- TASK GOAL: Print the line that contains "根据目的产品不同又可分为中馏分油(喷气燃料、柴油)型和轻油型(重石脑油)。", then every line after it until the entries end, exactly as they read; do not include pictures.

- PROVIDED RECORDS:
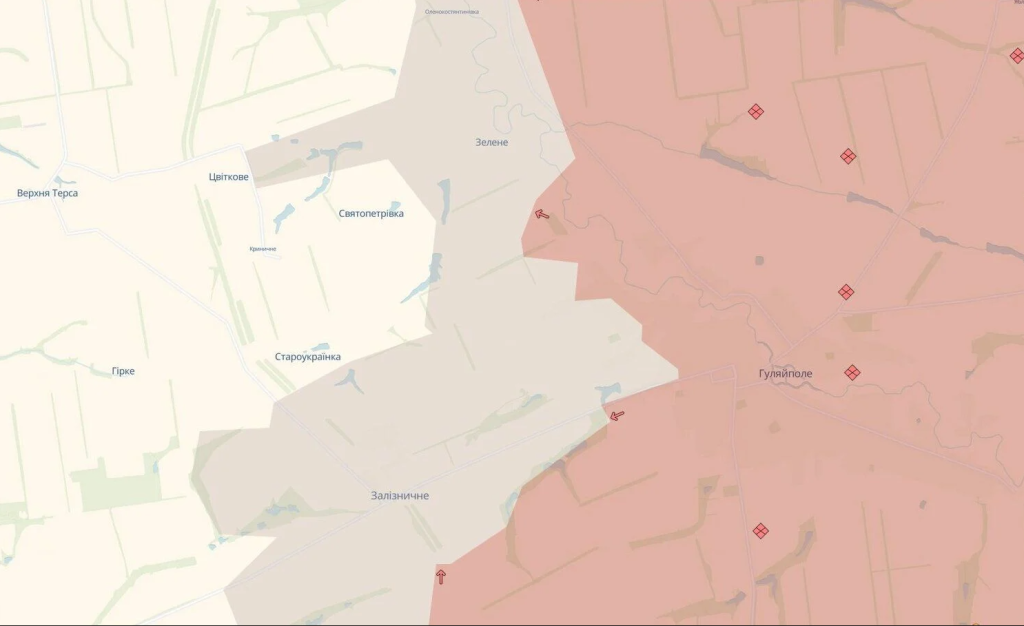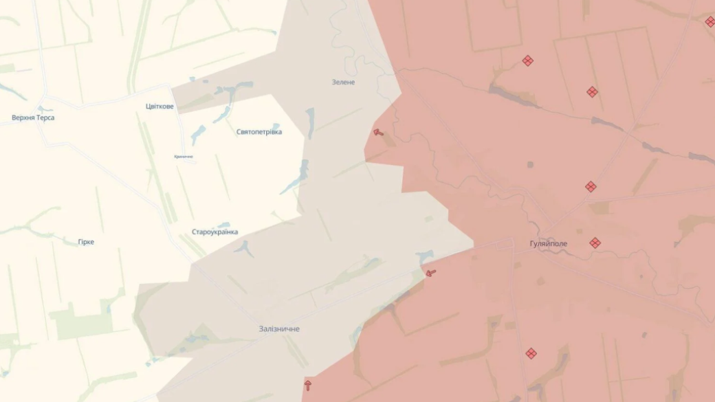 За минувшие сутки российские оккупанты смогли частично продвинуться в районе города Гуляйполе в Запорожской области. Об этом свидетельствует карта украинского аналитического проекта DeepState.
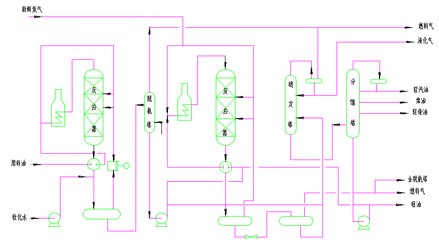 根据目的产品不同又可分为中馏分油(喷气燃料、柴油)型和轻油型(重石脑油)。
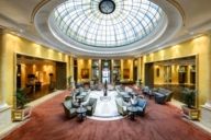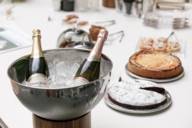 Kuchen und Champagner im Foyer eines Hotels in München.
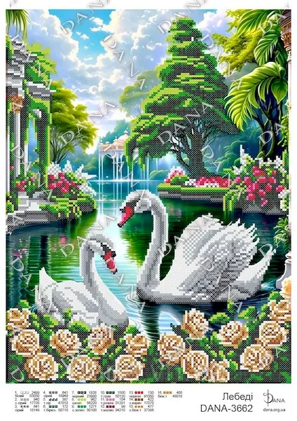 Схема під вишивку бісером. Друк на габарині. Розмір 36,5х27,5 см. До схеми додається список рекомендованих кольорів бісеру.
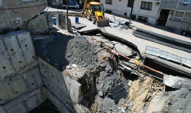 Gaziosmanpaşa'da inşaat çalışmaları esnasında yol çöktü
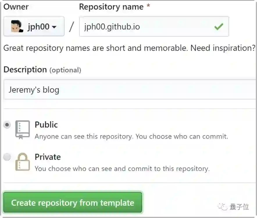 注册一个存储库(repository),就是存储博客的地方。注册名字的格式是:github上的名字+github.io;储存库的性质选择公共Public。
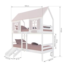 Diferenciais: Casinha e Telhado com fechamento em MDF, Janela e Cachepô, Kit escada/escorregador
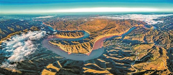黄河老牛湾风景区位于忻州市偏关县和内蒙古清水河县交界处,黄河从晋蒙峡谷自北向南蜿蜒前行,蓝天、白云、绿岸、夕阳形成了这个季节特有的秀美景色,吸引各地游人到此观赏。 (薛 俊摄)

- SOLVED PROBLEM:
 根据目的产品不同又可分为中馏分油(喷气燃料、柴油)型和轻油型(重石脑油)。
 Kuchen und Champagner im Foyer eines Hotels in München.
 Схема під вишивку бісером. Друк на габарині. Розмір 36,5х27,5 см. До схеми додається список рекомендованих кольорів бісеру.
 Gaziosmanpaşa'da inşaat çalışmaları esnasında yol çöktü
 注册一个存储库(repository),就是存储博客的地方。注册名字的格式是:github上的名字+github.io;储存库的性质选择公共Public。
 Diferenciais: Casinha e Telhado com fechamento em MDF, Janela e Cachepô, Kit escada/escorregador
黄河老牛湾风景区位于忻州市偏关县和内蒙古清水河县交界处,黄河从晋蒙峡谷自北向南蜿蜒前行,蓝天、白云、绿岸、夕阳形成了这个季节特有的秀美景色,吸引各地游人到此观赏。 (薛 俊摄)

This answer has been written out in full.